Graph contrastive learning (GCL) is a popular method for leaning graph representations by maximizing the consistency of features across augmented views. Traditional GCL methods utilize single-perspective i.e. data or model-perspective) augmentation to generate positive samples, restraining the diversity of positive samples. In addition, these positive samples may be unreliable due to uncontrollable augmentation strategies that potentially alter the semantic information. To address these challenges, this paper proposed a innovative framework termed dual-perspective cross graph contrastive learning (DC-GCL), which incorporates three modifications designed to enhance positive sample diversity and reliability: 1) We propose dual-perspective augmentation strategy that provide the model with more diverse training data, enabling the model effective learning of feature consistency across different views. 2) From the data perspective, we slightly perturb the original graphs using controllable data augmentation, effectively preserving their semantic information. 3) From the model perspective, we enhance the encoder by utilizing more powerful graph transformers instead of graph neural networks. Based on the model's architecture, we propose three pruning-based strategies to slightly perturb the encoder, providing more reliable positive samples. These modifications collectively form the DC-GCL's foundation and provide more diverse and reliable training inputs, offering significant improvements over traditional GCL methods. Extensive experiments on various benchmarks demonstrate that DC-GCL consistently outperforms different baselines on various datasets and tasks.
Paper Structure (17 sections, 21 equations, 5 figures, 6 tables)
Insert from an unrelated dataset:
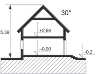 Graficzne opracowanie rzutów poglądowych widocznych na karcie projektu zostało wykonane przez Extradom.pl. Prezentowane przez Extradom.pl wizualizacje wykonane zostały przez autora projektu i należy poczytywać je jedynie za przykład i propozycję wykończenia, wizję architektoniczną autora projektu. Ostateczne wykończenie budynku może nastąpić na wiele sposobów. Szczegółowe rozwiązania zastosowane w oferowanej dokumentacji - w tym również ilość, lokalizacje i wygląd okien, drzwi, kominów - mogą w niewielkim stopniu różnić się od prezentowanej wizualizacji budynku.

This paper contains 17 sections, 21 equations, 5 figures, 6 tables.

Figures (5)

  • Figure 1: Comparison of contrastive learning methods with proposed DC-GCL. Our DC-GCL introduces a comprehensive GT-based contrastive learning method which uses dual-perspective augmentation strategy. These novel designs significantly increase the generation of positive samples, with the aim of improving the model's ability to learn representations across diverse datasets.
  • Figure 2: Overview the architecture of DC-GCL. We adopt data augmentations to obtain two correlated graphs, and send these graphs to the GT-based encoder and its perturbed version to get the positive samples. During this process, we propose three controllable data augmentation and prune-based model augmentation methods respectively. A comprehensive introduction for these methods is provided in Section \ref{['sec:data_aug']} and \ref{['sec:model_aug']}.
  • Figure 3: $\mathcal{L}_{\text{ali}}$-$\mathcal{L}_{\text{uni}}$ visualization for GraphCL, SimGRACE, and DC-GCL for MUTAG and PROTEINS datasets. Numbers around the points in the figure represent the epochs. For both properties alignment and uniformity, the lower the better.
  • Figure 4: Analysis of the Augmentation Strategy. We report unsupervised learning accuracy improvement(%) when contrasting different combination of data (vertical axis) and model (horizontal axis) augmentation. Deeper colors indicate better performance improves. "Identity" denotes without any augmentation methods for contrastive learning.
  • Figure 5: Analysis of the Augmentation Ratio(%). Performance of various augmentation ratios. We choose the best augmentation strategy each dataset for analysis.